Diddy was physically violent to Cassie, and this is something that many people implicitly understand to be wrong. But physical violence is rarely present in interpersonal relationships without emotional violence. The emotional violence may be equally strong, stronger, or else an undercurrent. But a person’s sheer size or access to weaponry aside, it is emotional violence itself that usually sets the conditions for any other kind of violence to occur.

Most emotional violence in such contexts is insidious and the damage accrues slowly before it snowballs into key events — the kind of events that one may be able to narrate to another person and be understood, without being termed as overreacting. The ways in which Diddy convinced Cassie to remain in a relationship with him are known only to the both of them, even if one person lies about it. Hurt may be unintentional, but harm never is.

Last month, an open letter about sexual abuse by the Sri Lankan Tamil-French author Shobasakti was posted online in two languages. Among the ten points in it, I found the last one very salient: “Shobasakthi’s promises to multiple women, simultaneously, in different countries and cities, that he is in a long-term, monogamous meaningful relationship with them, thereby misleading and gaslighting them and causing distress.”

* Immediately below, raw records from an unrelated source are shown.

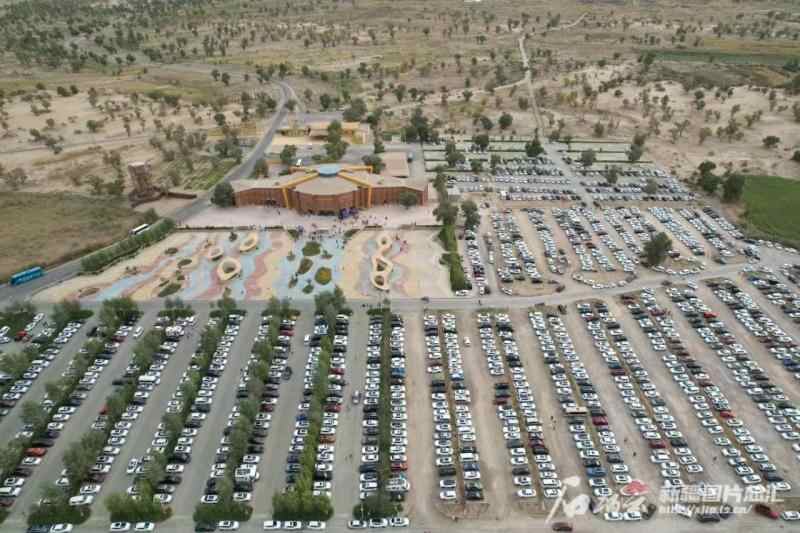 进入暑期罗布人村寨景区迎来众多游客,图为景区停车场停满车辆。图片由罗布人村寨景区提供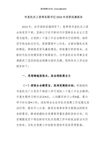/ 【七哥公文】2024年:市直机关工委常务副书记2024年述职述廉报告+更多免费公文+VX:QiGeGongWen2024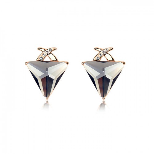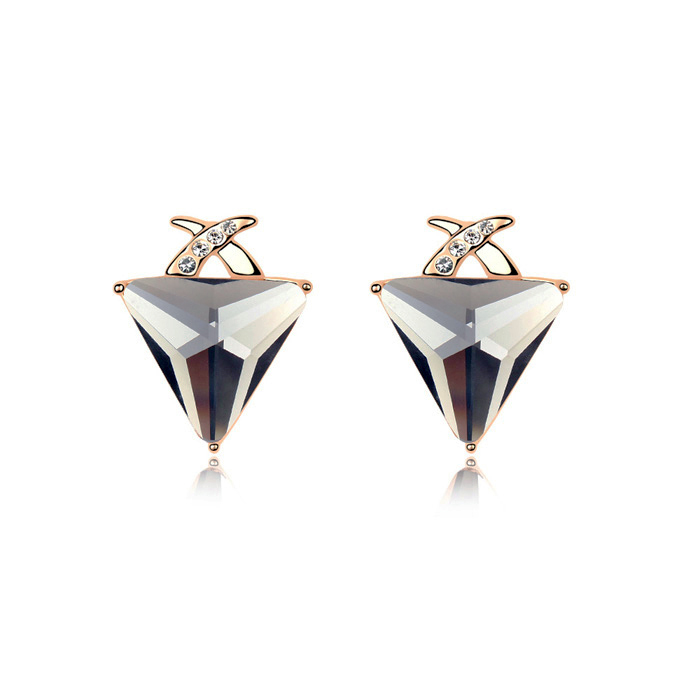 Preciosos Aretes, en baño de oro blanco de 18 quilates, elegante diseño, con detalle plateado en forma de "X", cristal color humo corte trillion y chispas de cristales blancos. Fabricado en una estructura de aleación de platino con rodio sin níquel

What a powerful thing it is to have acknowledged that sexual exploitation under the pretext of love — whether through explicit statements or more manipulative means — falls under the spectrum of violence. It is violence that is fundamentally emotional in nature, but has lasting effects on the body memory too.

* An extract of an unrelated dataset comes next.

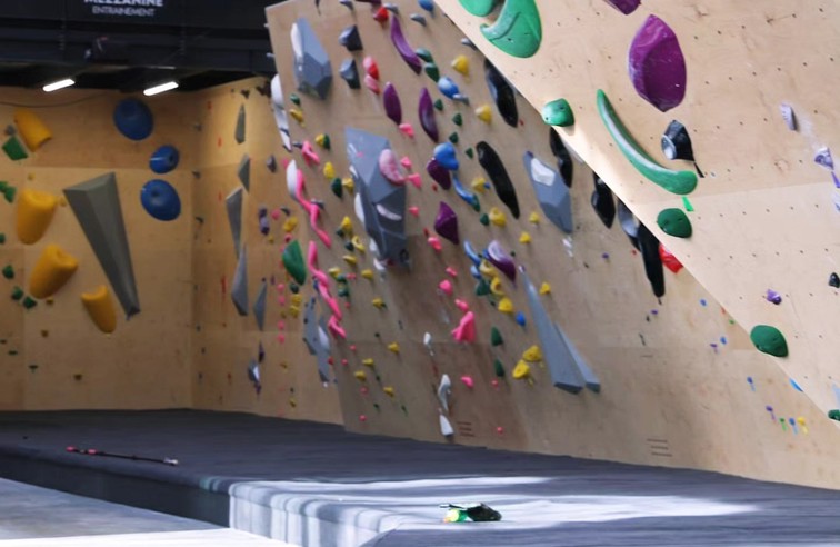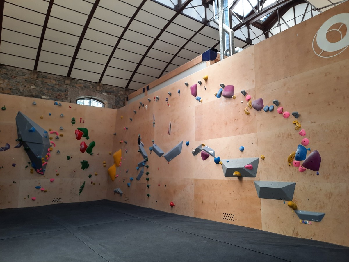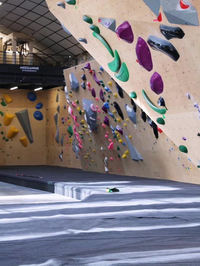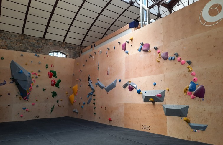 La salle d'escalade se compose de 3 espaces, dont deux mezzanines (spraywall).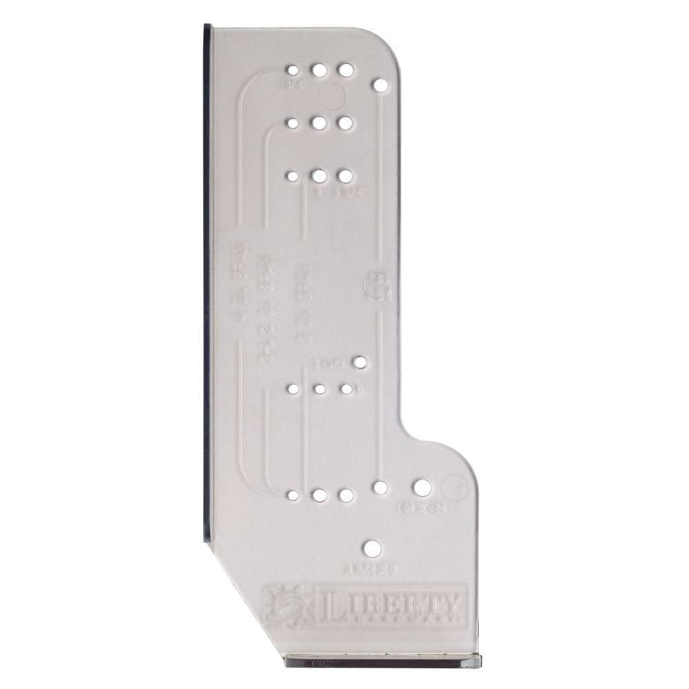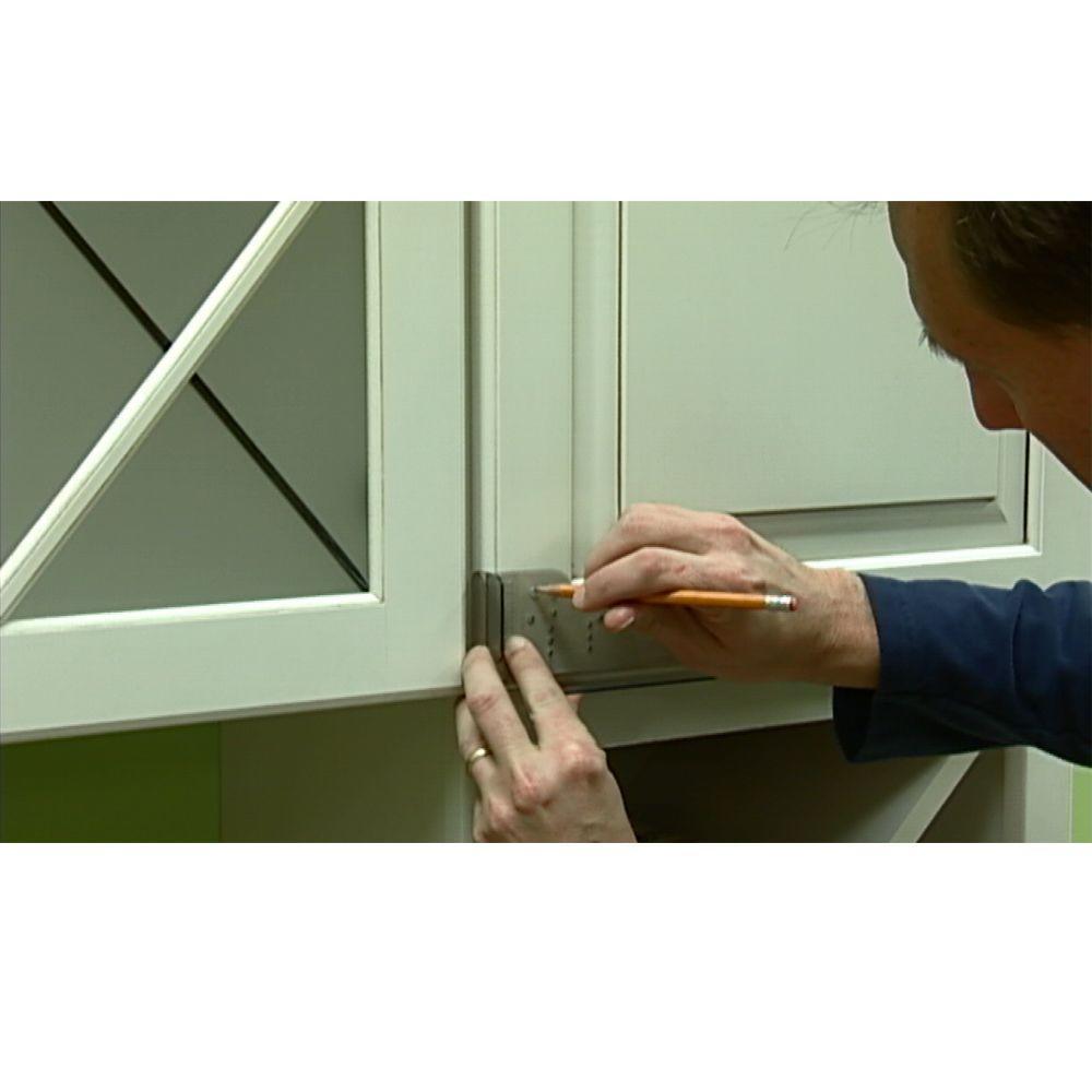 An alignment guide for easy mounting of knobs and pulls on cabinet doors. Used for standard knobs and pulls. Twenty possible locations for consistent knob mounting are available. For Mounting pulls of 3 in., 3-1/2 in., 4 in., and 96 mm center to center sizes.

Recently, very recently, a man I loved shook me by the shoulders in a nuclear-intensity conversation wherein he claimed that 18 months of seeing each other did not constitute a relationship. He shook me by the shoulders because he wanted me to look at him as he yelled at me. I yelled back, the physical touch snapping me out of the mental disassociation I was experiencing because of my confusion and shock over his words. The way he grabbed me was the least of the ways he harmed me; and not just that night. Here I am at 39, in a place I was first in at 16. So many women, and some who are not women, know the cyclical way in which abuse appears in our lives.

For Cassie, this cyclical abuse has reappeared even when she is in a stable and loving relationship. She must revisit a nightmare from her youth, recount gory testimony, in order to punish Diddy for what he has done to many people. My heart goes out to her, because I ­— and so many others — have been her. We are her. We know.